Cardano price looks ready to retest $2.50 with rising scale of adoption

  • Cardano founder believes that the “Ethereum-killer” blockchain will be used by billions. 
  • Cardano’s on-chain activity has increased as the altcoin’s social dominance rises. 
  • Analysts are bullish on Cardano price, believe that downtrend has ended and the altcoin is ready to retest $2.50. 

“Ethereum-killer” Cardano has witnessed a spike in adoption as the on-chain activity in the network increases. Analysts have predicted a rally in Cardano price, setting a target of $2.50 for the altcoin. 

Cardano prepares for a bull run amidst rising adoption

Cardano founder Charles Hoskinson believes that projects like Ethereum-killer ADA on the blockchain will eventually be “as ubiquitous as the internet and be used by billions in the future.”

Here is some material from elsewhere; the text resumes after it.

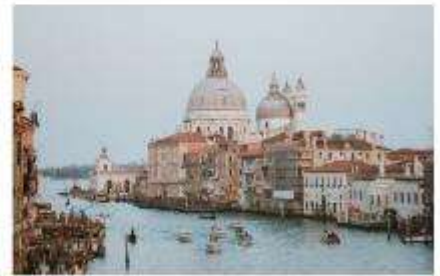
แกรนด์คาแนล

นำทุกท่านนั่งเรือต่อเพื่อไปยัง ท่าเรือซานมาร์โก (San Marco Pier) บนเกาะเวนิส แวะให้ท่านถ่ายรูปสวยๆ เก็บเป็นที่ระลึกกันที่ พระราชวังดอดจ์ พระราชวังริมน้ำแสนอลังการ ที่สร้างตั้งแต่ศตวรรษที่ 14 ในสไตล์เวเนเซียนโกธิค ที่เคยเป็นที่ประทับของผู้ปกครองของเวนิส แต่ตั้งแต่ปี 1923 ก็ได้เปลี่ยนเป็นพิพิธภัณฑ์ให้คนทั่วไปได้เข้าชม เป็นหนึ่งในแลนด์มาร์คหลักของเวนิส จากนั้นเดินเที่ยวชมแลนด์มาร์คสำคัญต่างๆ ในเมือง จัตุรัสเซนต์มาร์ค เป็นจัตุรัสหลักของเมืองเวนิส และยังเป็นศูนย์กลางเมืองตั้งแต่โบราณ จากนั้นนำท่านถ่ายรูปกับ มหาวิหารเซนต์มาร์ค มหาวิหารใหญ่ ของศาสนาคริสต์นิกายโรมันคาทอลิก อลังการด้วยการตกแต่งด้วยโดมใหญ่ และที่อยู่ติดกันและโดดเด่นด้วยความสูงถึง 50 เมตรก็คือ หอรบั้ง ถือเป็นหนึ่งในสัญลักษณ์ของเมืองที่ เห็นได้ไม่ว่าจะอยู่มุมไหนของเมืองก็ตาม และที่พลาดไม่ได้เลยก็คือ สะพานกอนหายใจ สะพานอันโด่งดังแห่งนี้ตั้งอยู่เหนือแม่น้ำที่คั่นกลางระหว่างคูเก่ากับพระราชวังดอดจ์

Hoskinson is bullish on Cardano’s adoption. The Cardano founder is of the opinion that despite slow upgrades in the ecosystem, the blockchain is making progress toward mass adoption. There is less hype and more upgrades in the Cardano ecosystem, according to Hoskinson. 

In a recent blog post, Hoskinson wrote:

Our view is that these protocols will be as ubiquitous as the internet…This scale of adoption will take years to decades, not weeks to months, and won’t be a meme.

Analysts are bullish on Cardano. @Ezy_Bitcoin, a pseudonymous cryptocurrency analyst evaluated Cardano price trend and noted another leg down. The analyst believes that Cardano price trend is forming a head-and-shoulders pattern, which is considered bullish for the altcoin. 

Despite offering negative three-month returns to holders, Cardano price looks ready to climb higher. Cryptocurrency analysts at the YouTube channel Crypto Krystian have a bullish outlook on Cardano price. 

The analysts believe that Cardano broke out to an important price level of $1.33. Crypto Krystian analysts predicted an uptrend in Cardano. 

FXStreet analysts are of the opinion that Cardano could enjoy explosive upside potential once the price breaks $1.50.